Final arguments are set for Nov. 17. While Brinkema has taken the matter under advisement, she remarked, “This is the kind of case that ought to settle.” She encouraged attorneys for the Justice Department and Google to pursue an agreement.

The next step is both simple and complex: Can a punishment be devised severe enough to deter Google from returning to business as usual without crippling a major American juggernaut and multinational internet service?

Justice Department attorneys want divestment of AdX, Google’s ad exchange, and DFP — DoubleClick for Publishers — an ad server. Google’s attorneys have argued for a more lenient course of action involving behavior and conduct remedies.

Google’s guilt was not in question during this phase of the legal proceeding. One year ago, Brinkema presided over the initial trial, during which publishers and ad executives complained about ad tech policies that left them on an uneven playing field.

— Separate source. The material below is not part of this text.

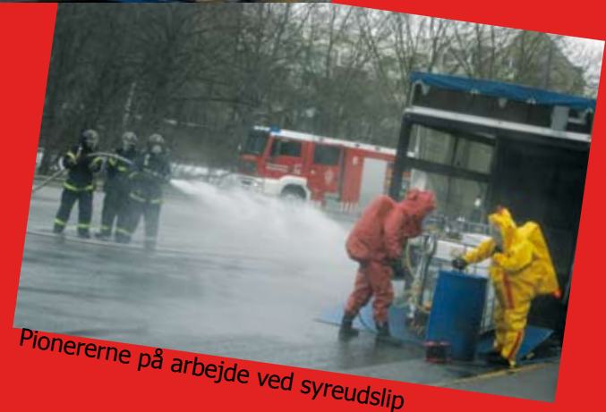
Pionererne på arbejde ved syreudslip

In April, Brinkema convicted the tech giant of antitrust violations. Monopoly power is the ability to control prices or exclude competition, and her decision found that Google had violated law in the ad server and ad exchange market.

Brinkema wrote that Google willfully engaged in a series of anticompetitive acts to acquire and maintain monopoly power by entwining its publisher ad server and ad exchange through contractual policies and technological integration. This enabled the company to establish and protect its monopoly power. Beyond that, Google imposed anticompetitive policies on its customers and eliminated desirable product features.

The judge found the company’s justifications both invalid and insufficient.

Complaints about Google’s ad tech operation are playing out as news organizations face multiple challenges, including the increasing popularity of video ads and AI programs that scrape content from websites, making it less likely that readers will click through to a story.